THE PROBLEM
Make an exact copy of all the entries, with the pictures left out.

DATA PROVIDED
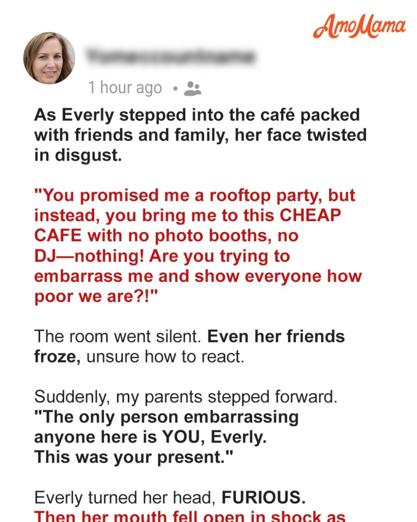 Everly’s Sweet 16 took an unexpected turn when she dismissed the café party her parents, Oscar and I, planned as “cheap” before discovering the lavish rooftop setup and surprise gift—a red convertible. Her hurtful outburst humiliated us and disrupted the event, leaving everyone disheartened.
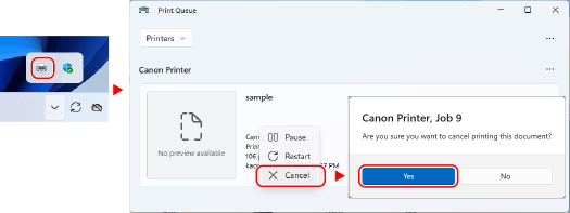 If the printer icon is not displayed in the Windows notification area or the document to be canceled is not displayed, the print data is sent to the machine after being processed on the computer.
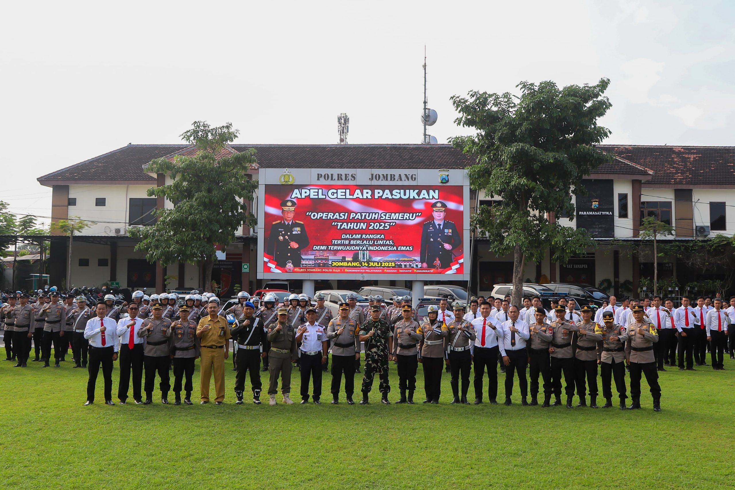 Dalam rangka meningkatkan kesadaran dan kepatuhan masyarakat terhadap peraturan lalu lintas, Polres Jombang melaksanakan Apel Gelar Pasukan Operasi Patuh Semeru 2025, bertempat di lapangan Cemerlang Mapolres setempat, pada Senin, (14/7/2025) pagi.
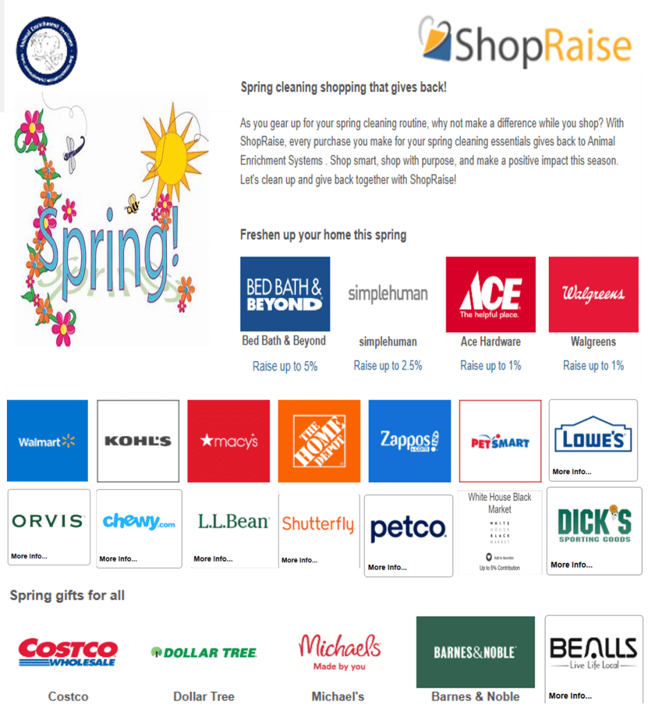 Do you want to help raise funds for our Non-Profit? Try using Shop Raise for your online shopping. It is free to you and each participating merchant donates a portion of the sales to Animal Enrichment Systems. (You click on the merchant and it takes you to their webpage) It is no cost to you.
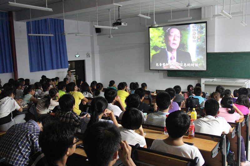 章教授首先通过播放一个“水知道答案”的视频短片,向全体新生剖析了“水可以读懂人”的现象;因而引导要大家心怀感恩、心存感谢、心中有爱,以共同营造更加美好的世界。通过深情朗诵“我爱你们,我的学生”的话语,她在现场更是把新生们带入了一个充满爱的海洋。
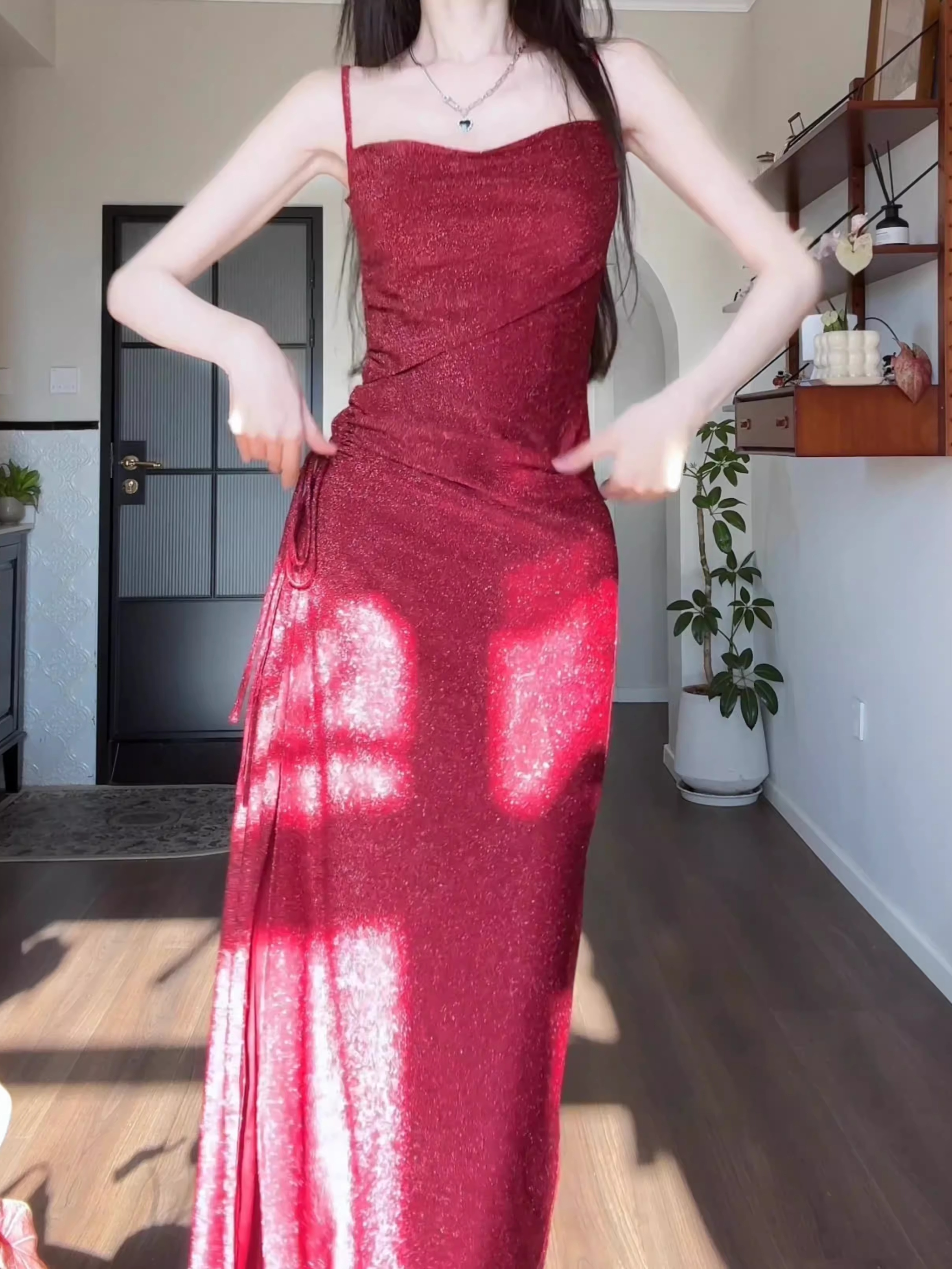 🌺 嗨宝贝们,今天我给大家带来的是一款红色吊带裙。夏天的颜色,红色的热情,是不是让人一看就心动呢?
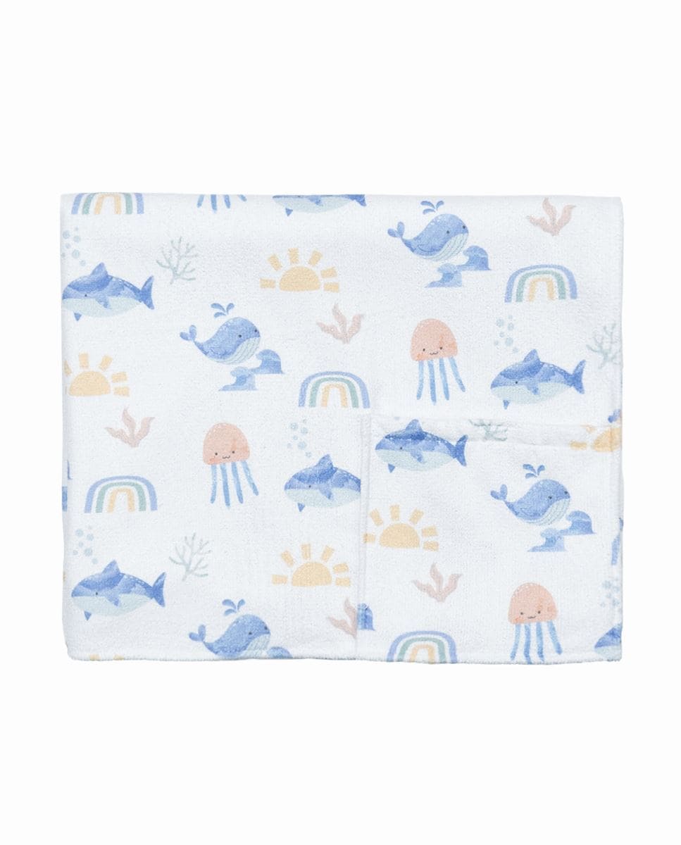 Acessório de Banho para Bebé em Microfibra Estampada com Flores e Ursos
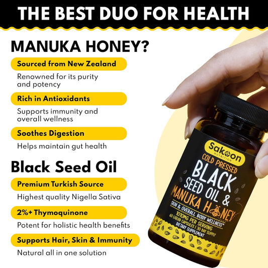 High Potency Cold Pressed Black Seed Oil Capsules with Manuka Honey - 60 Vegan Capsules - Made in USA - 2%+ ThymoquinoneVendor:Sakoon nutritionRegular price $131.95 AUDRegular priceUnit price / per-
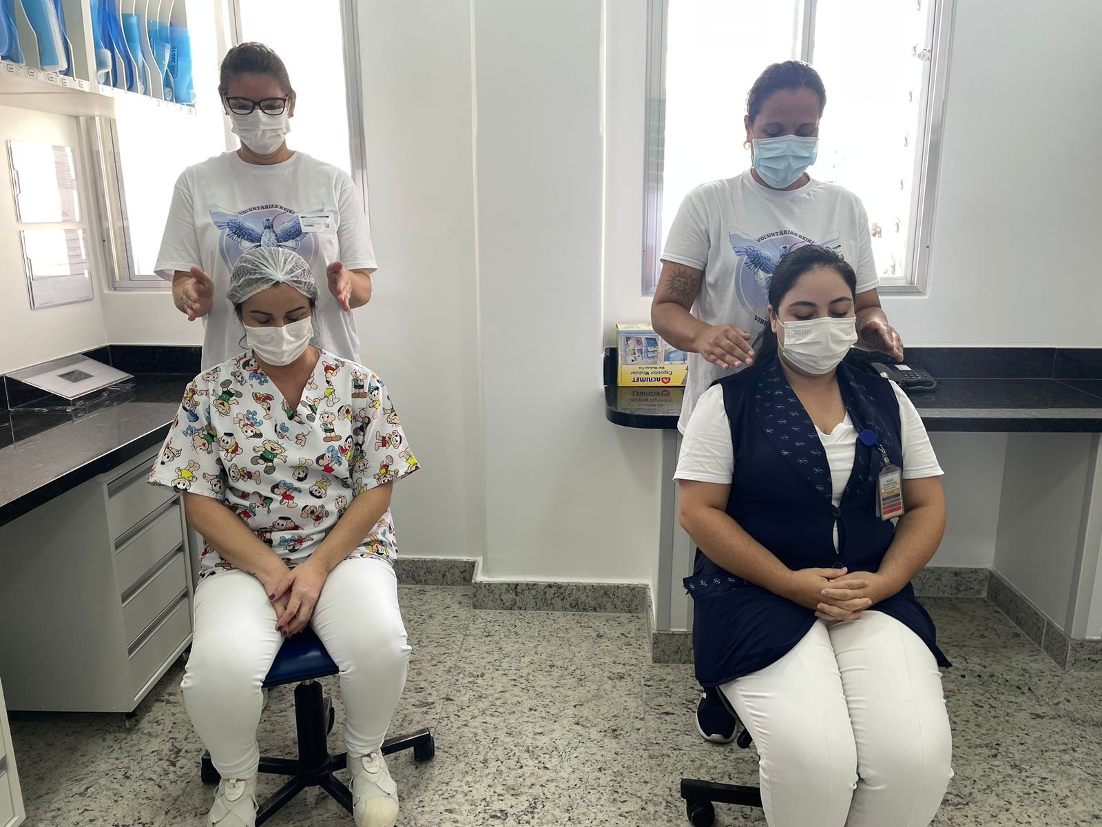Em parceria com voluntários do grupo Vibrando Amor, equipes assistenciais participam do programa terapêutico que visa a saúde do colaborador.
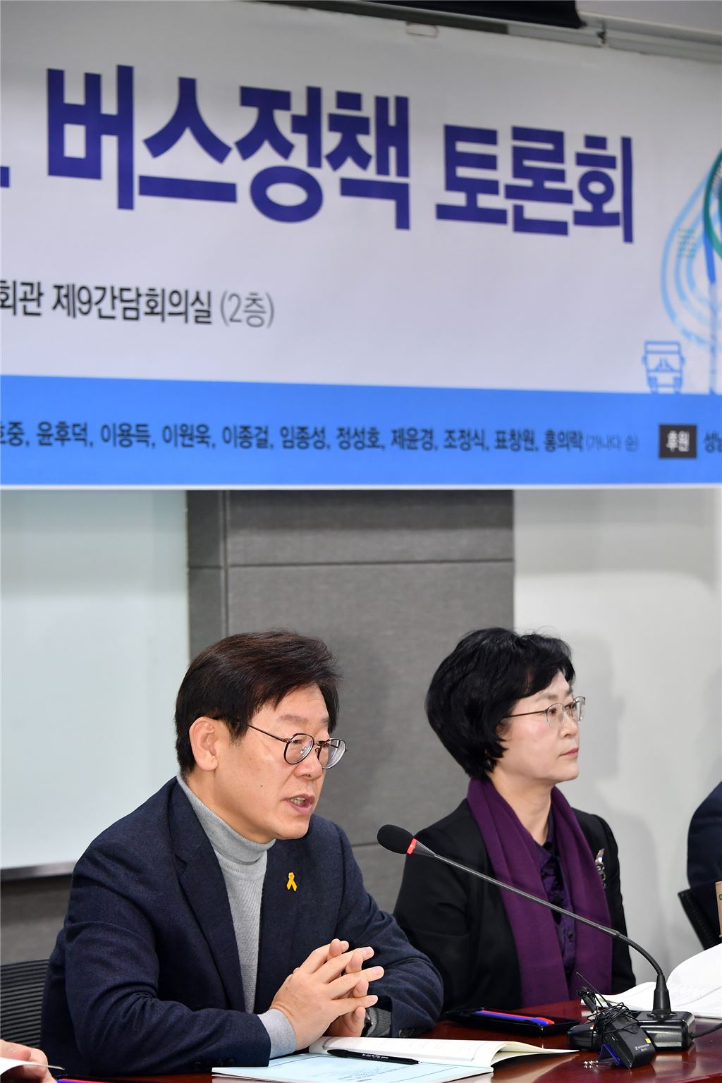 이재명 성남시장이 광역교통청 추진을 위한 경기도 버스정책 토론회에 참석해 이야기하고 있다.

REPLY TO THE TASK
 Everly’s Sweet 16 took an unexpected turn when she dismissed the café party her parents, Oscar and I, planned as “cheap” before discovering the lavish rooftop setup and surprise gift—a red convertible. Her hurtful outburst humiliated us and disrupted the event, leaving everyone disheartened.
 If the printer icon is not displayed in the Windows notification area or the document to be canceled is not displayed, the print data is sent to the machine after being processed on the computer.
 Dalam rangka meningkatkan kesadaran dan kepatuhan masyarakat terhadap peraturan lalu lintas, Polres Jombang melaksanakan Apel Gelar Pasukan Operasi Patuh Semeru 2025, bertempat di lapangan Cemerlang Mapolres setempat, pada Senin, (14/7/2025) pagi.
 Do you want to help raise funds for our Non-Profit? Try using Shop Raise for your online shopping. It is free to you and each participating merchant donates a portion of the sales to Animal Enrichment Systems. (You click on the merchant and it takes you to their webpage) It is no cost to you.
 章教授首先通过播放一个“水知道答案”的视频短片,向全体新生剖析了“水可以读懂人”的现象;因而引导要大家心怀感恩、心存感谢、心中有爱,以共同营造更加美好的世界。通过深情朗诵“我爱你们,我的学生”的话语,她在现场更是把新生们带入了一个充满爱的海洋。
 🌺 嗨宝贝们,今天我给大家带来的是一款红色吊带裙。夏天的颜色,红色的热情,是不是让人一看就心动呢?
 Acessório de Banho para Bebé em Microfibra Estampada com Flores e Ursos
 High Potency Cold Pressed Black Seed Oil Capsules with Manuka Honey - 60 Vegan Capsules - Made in USA - 2%+ ThymoquinoneVendor:Sakoon nutritionRegular price $131.95 AUDRegular priceUnit price / per-
Em parceria com voluntários do grupo Vibrando Amor, equipes assistenciais participam do programa terapêutico que visa a saúde do colaborador.
 이재명 성남시장이 광역교통청 추진을 위한 경기도 버스정책 토론회에 참석해 이야기하고 있다.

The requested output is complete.